National Grid reports that over the summer of 2016, the service was used 323 times, with “10,800 MWh called with an average utilisation price of £61.41/MWh”. The procurement process can take account of factors other than the utilisation and availability fees bid, notably location. Successful tenders in the 2017 procurement had utilisation fees as high as £75/MWh.

At present, the procurement process for DTU does not appear to allow for new storage projects to compete in DTU tenders, but once they have become established, they should be well placed to do so, given their ability to provide demand as well as generation. They could be paid by National Grid to soak up cheap renewable power when there is little other demand for it. If National Grid felt able to procure DTU or similar services further in advance of when they were to be delivered, the tenders could have the potential to provide a more direct stimulus to new storage projects.

Battery bonanza?

Those who have been successful in the EFR or CM processes can begin to “stack” revenues from a number of income streams. And the more revenues you already have, the more aggressively you can bid in future tenders (for example for other ancillary services) to supplement them.

But even if all the projects that were successful in the EFR and CM processes go ahead, they will still represent only a small fraction of those that have been given connection offers. Moreover, it looks as if the merchant and ancillary services models are the only ones making significant headway at present.  Why are we not seeing more storage projects integrated with renewables coming forward, for example? Why, to quote Tim Barrs, head of energy storage sales for British Gas, has battery storage “yet to achieve the widespread ‘bankable status’ that we saw with large-scale solar PV”?
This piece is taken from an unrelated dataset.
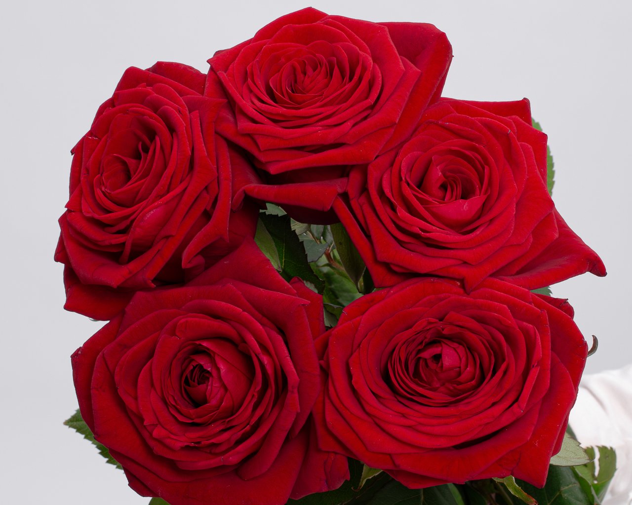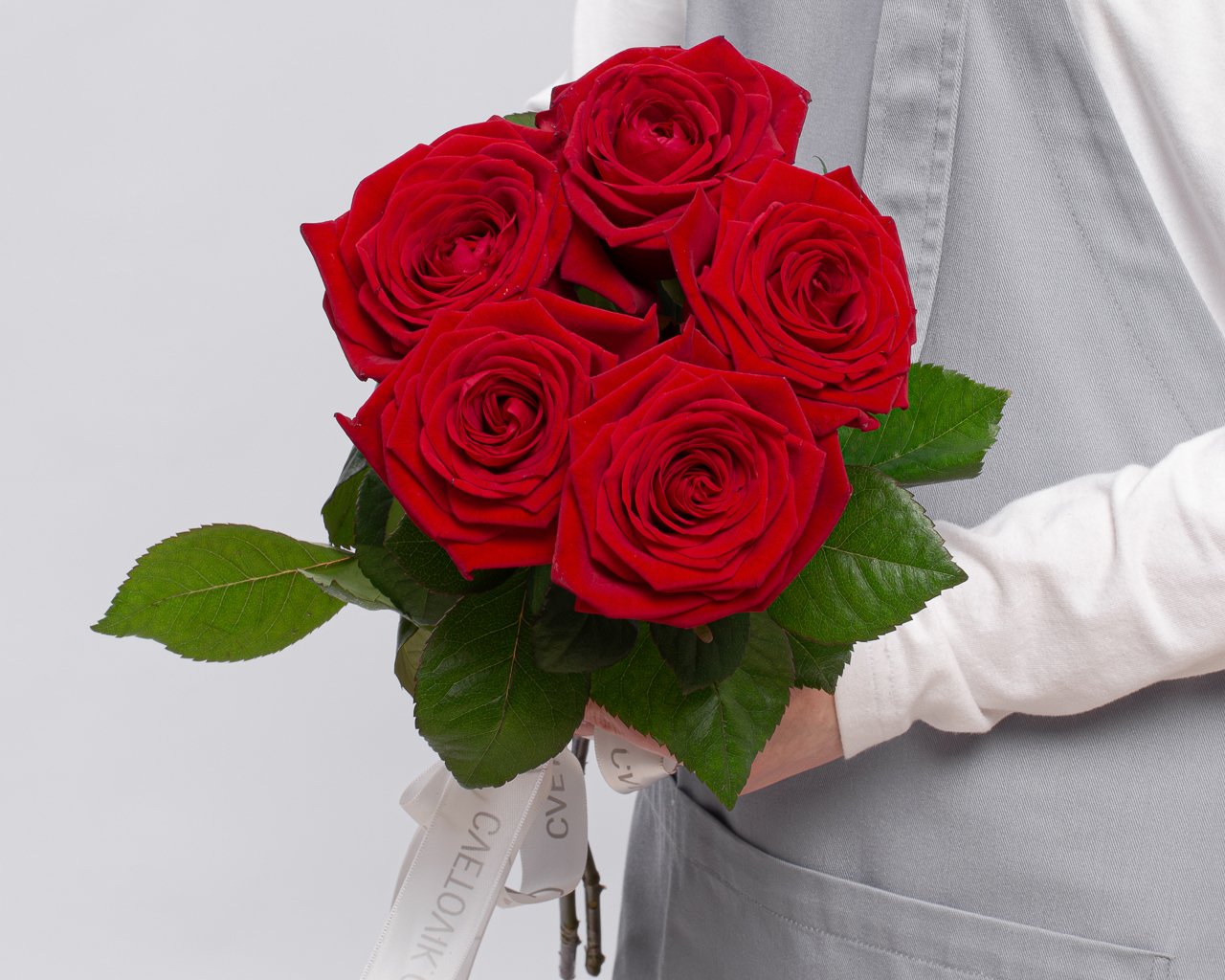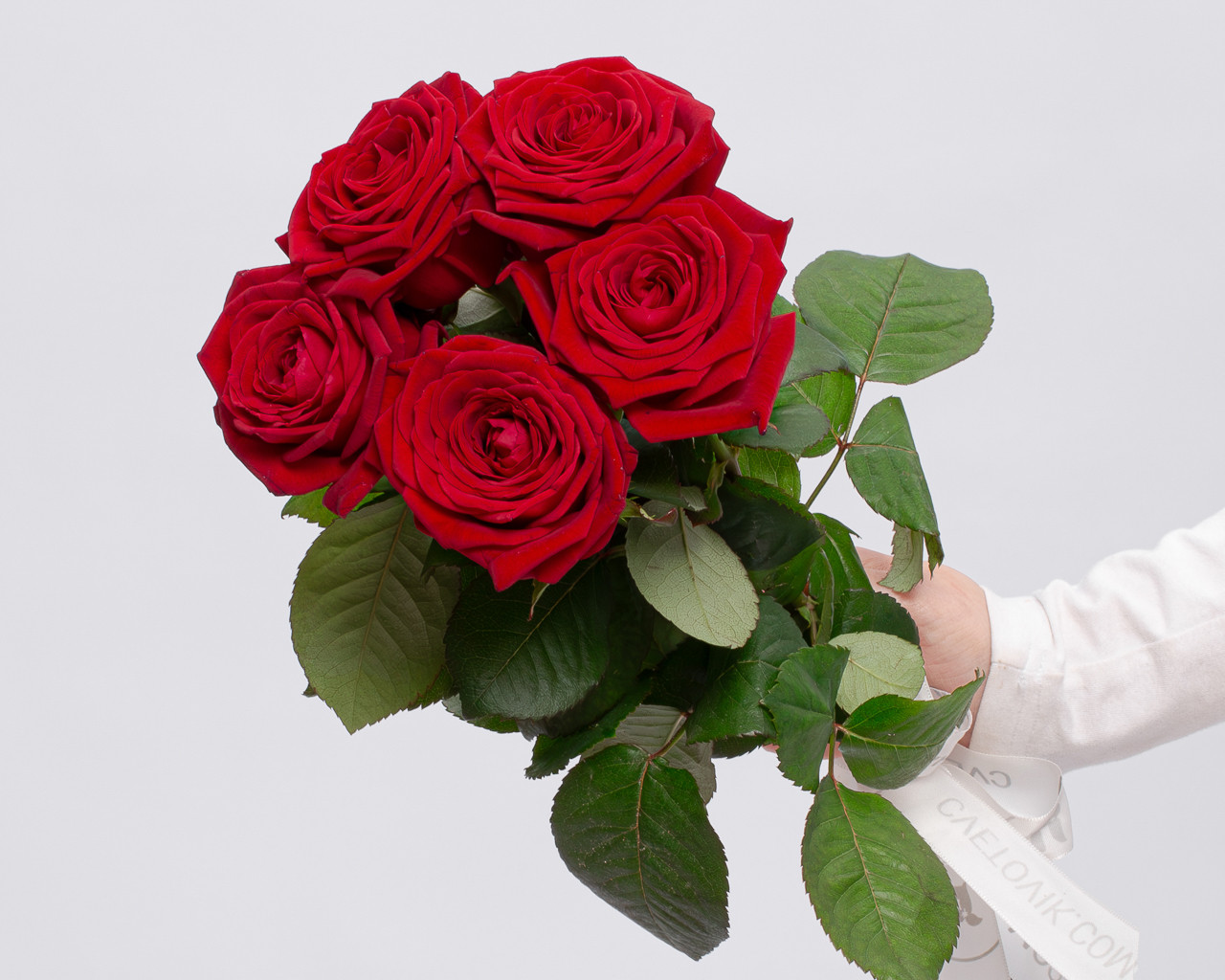 Букет из красных роз 50-60 см (Россия) под атласную ленту 5 шт

Technology tends to become bankable when it has been deployed more often than batteries coupled with renewables have so far in GB. But even to make a business case to an equity investor, a renewables project with storage needs to show that over a reasonable timeframe the additional revenues that the storage enables the project to capture exceed the additional costs of installing the storage. What are these costs, over and above the costs of the batteries and associated equipment?  What does it take to add storage to an existing renewable generating project, or one for which development rights have already been acquired and other contractual arrangements entered into?
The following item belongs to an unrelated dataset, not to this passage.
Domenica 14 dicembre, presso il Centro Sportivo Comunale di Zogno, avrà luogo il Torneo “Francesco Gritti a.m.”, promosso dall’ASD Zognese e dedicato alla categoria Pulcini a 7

  • The configuration and behaviour of any storage facility co-located with subsidised renewable generation must not put the generator’s accreditation for renewable subsidies at risk because of e.g. a battery’s ability to absorb and re-export power from the grid that has not been generated by its associated renewable generating station. The location of meters is crucial here. According to the Solar Trade Association, only recently has Ofgem for the first time re-accredited a project under the RO after storage was added to it. While an application for re-accreditation is being considered, the issue of ROCs is suspended. Guidance has been promised which may facilitate re-accreditation for other sites. Presumably in this as in other matters, the approach for Feed-in Tariff (FIT) sites would follow the pattern set by the RO. For projects with existing Contracts for Difference (CfDs), there is no provision on energy storage. For those hoping to win a CfD in the 2017 allocation round, the government has made some changes to the contractual provisions following a consultation, but, as the government response to consultation makes clear, a number of issues still remain to be resolved.
  • An existing renewables project is also likely to have to obtain additional planning permission. There may be resistance to battery projects in some quarters. RES recently had to go to appeal to get permission for a 20 MW storage facility by an existing substation at Lookabootye after its application was refused by West Lothian Council. It will also be necessary to re-negotiate existing lease arrangements (or at least the rent payable under them), and additional cable easements may be required.
  • Unless it is proposed that the battery will take all its power from the renewable generating station (which is unlikely), it will be necessary to seek an increase in the import capacity of the project’s grid connection from the distribution network operators. Even if the developer does not require to be able to export any more power at any one time from the development as a whole, in order to charge the battery at a reasonable speed from the grid it will need a much larger import capacity than is normal for an ordinary renewable generating facility. The ease and costs of achieving this will vary depending on the position of the project relative to the transmission network. There may be grid reinforcement costs to pay for: UKPN has noted that there are few places on the network with the capacity to connect a typical storage unit without some reinforcement. They will also treat the addition of storage as a material change to an existing connection request for a project that has not yet been built, prompting the need for redesign and resulting in the project losing its place in the queue of connection applications.
  • A power purchase agreement (PPA) for a project with storage will need to address metering. For the purposes of the offtaker, output will either need to be measured on the grid side of the storage facility (the same may not be true of metering for renewable subsidy purposes), or an agreed factor will need to be applied to reflect power lost in the storage process. Secondly, in order to maximise the opportunities for arbitrage by time-shifting the export of its power, a project with storage may want more exposure to fluctuations in the wholesale market price, and even to imbalance price risk, than a traditional intermittent renewables project. The detail of how embedded benefits revenues are to be shared between generator and offtaker may also require to be adjusted if the addition of storage makes it more likely they will be captured.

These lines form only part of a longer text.